▶ _Work instructions_
Nothing but an exact copy is asked for: the lines in the material below from the one with "表面キャンバス部分に汚れ、シ" through the one with "Wiring diagram USB", pictures excluded.

▶ _Data for this task_
::::::::::

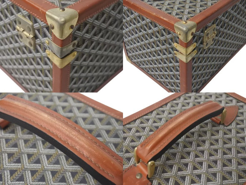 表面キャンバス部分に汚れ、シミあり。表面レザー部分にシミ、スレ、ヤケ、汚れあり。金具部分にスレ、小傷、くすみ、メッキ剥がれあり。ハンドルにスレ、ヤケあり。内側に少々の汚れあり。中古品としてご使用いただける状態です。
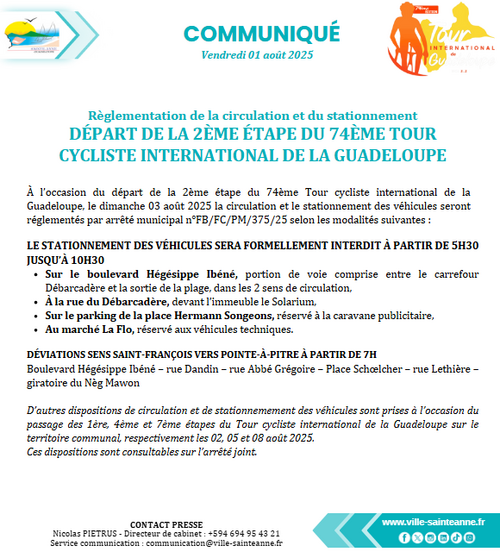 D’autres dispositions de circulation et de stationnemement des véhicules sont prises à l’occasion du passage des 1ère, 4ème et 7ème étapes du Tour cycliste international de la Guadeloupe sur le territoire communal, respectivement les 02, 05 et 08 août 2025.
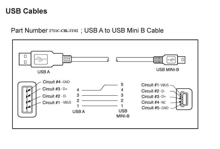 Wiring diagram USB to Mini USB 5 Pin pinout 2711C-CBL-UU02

::::::::::

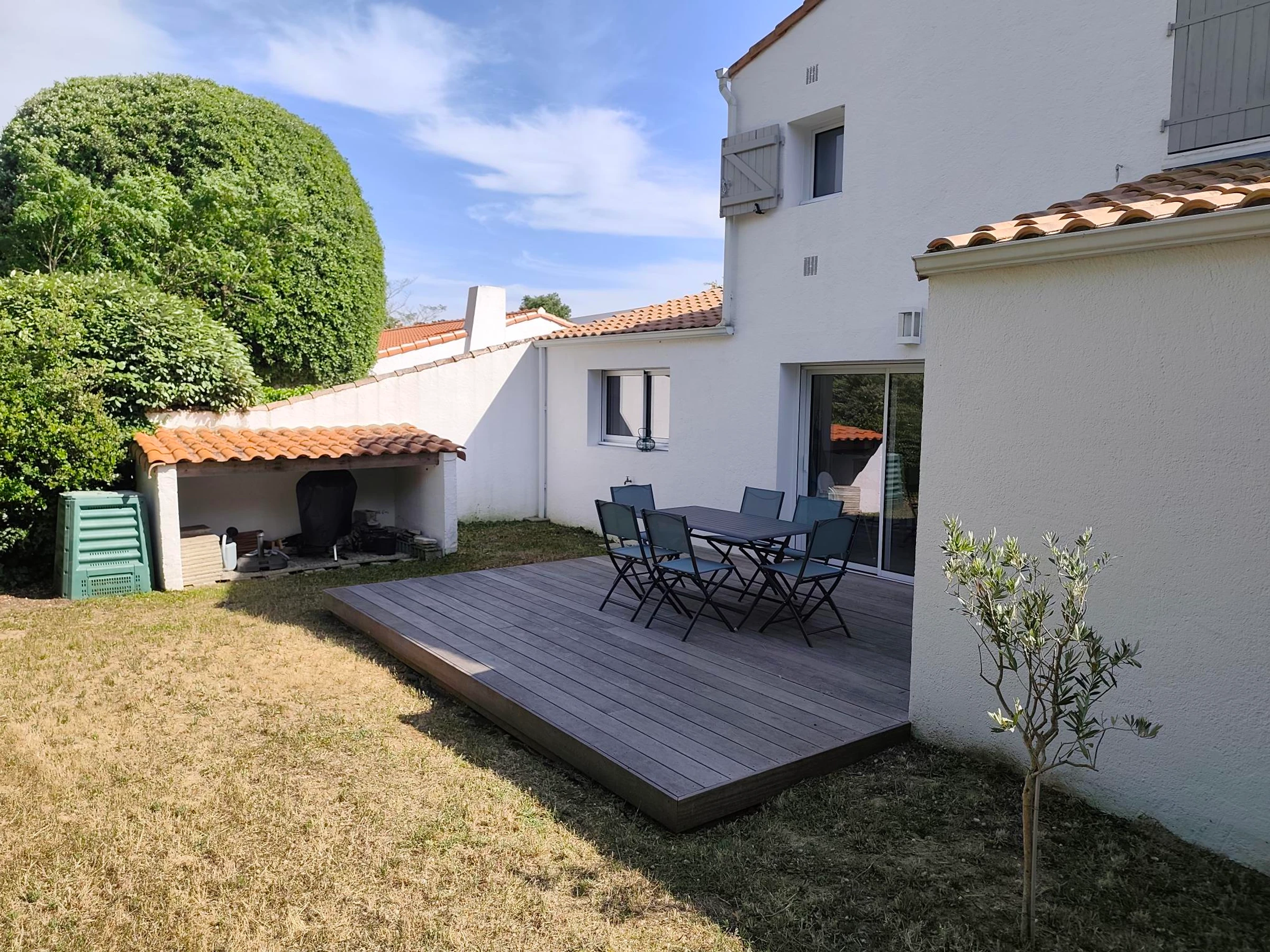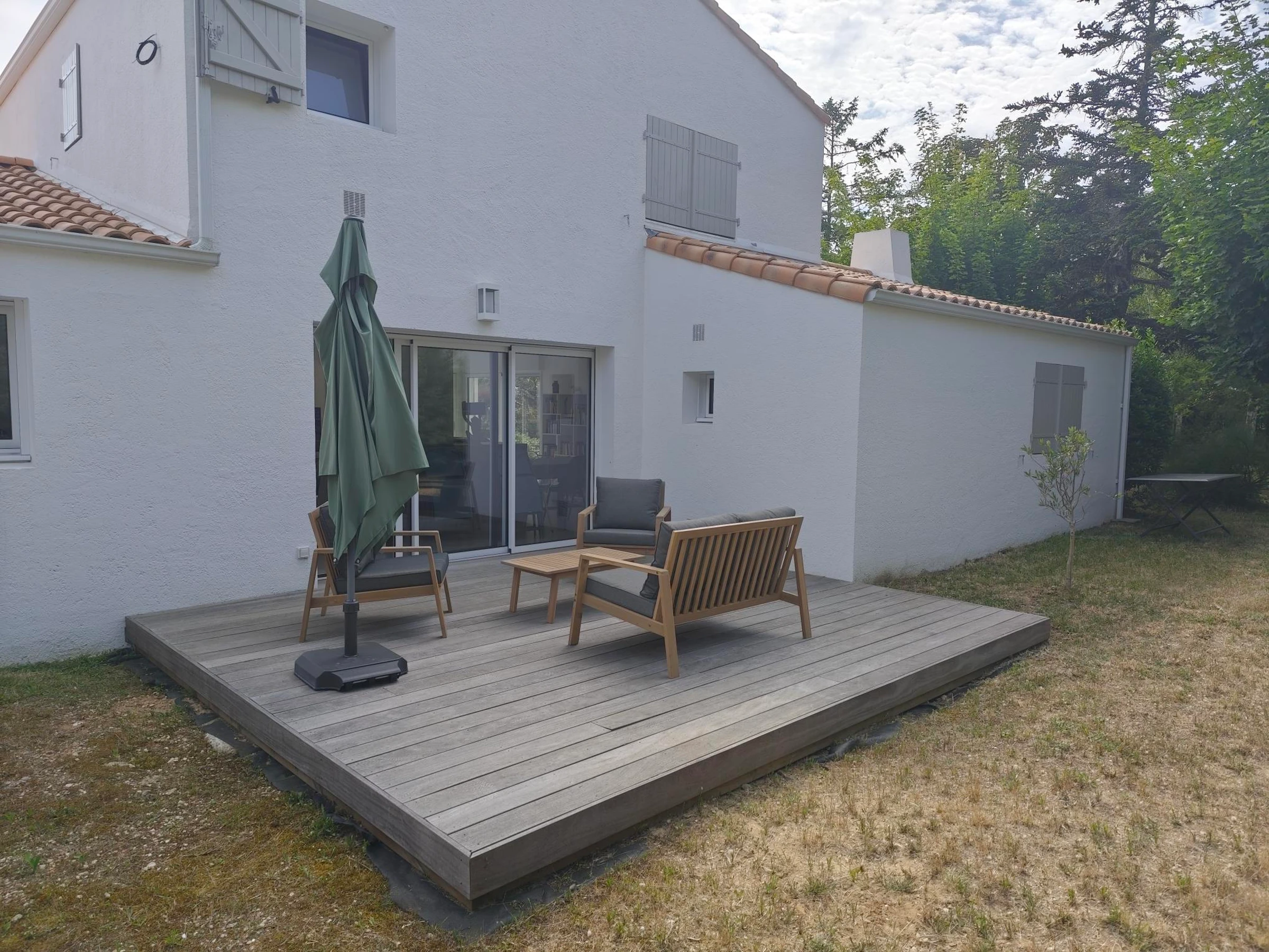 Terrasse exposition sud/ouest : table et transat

::::::::::

▶ _Output for this exercise_
 表面キャンバス部分に汚れ、シミあり。表面レザー部分にシミ、スレ、ヤケ、汚れあり。金具部分にスレ、小傷、くすみ、メッキ剥がれあり。ハンドルにスレ、ヤケあり。内側に少々の汚れあり。中古品としてご使用いただける状態です。
 D’autres dispositions de circulation et de stationnemement des véhicules sont prises à l’occasion du passage des 1ère, 4ème et 7ème étapes du Tour cycliste international de la Guadeloupe sur le territoire communal, respectivement les 02, 05 et 08 août 2025.
 Wiring diagram USB to Mini USB 5 Pin pinout 2711C-CBL-UU02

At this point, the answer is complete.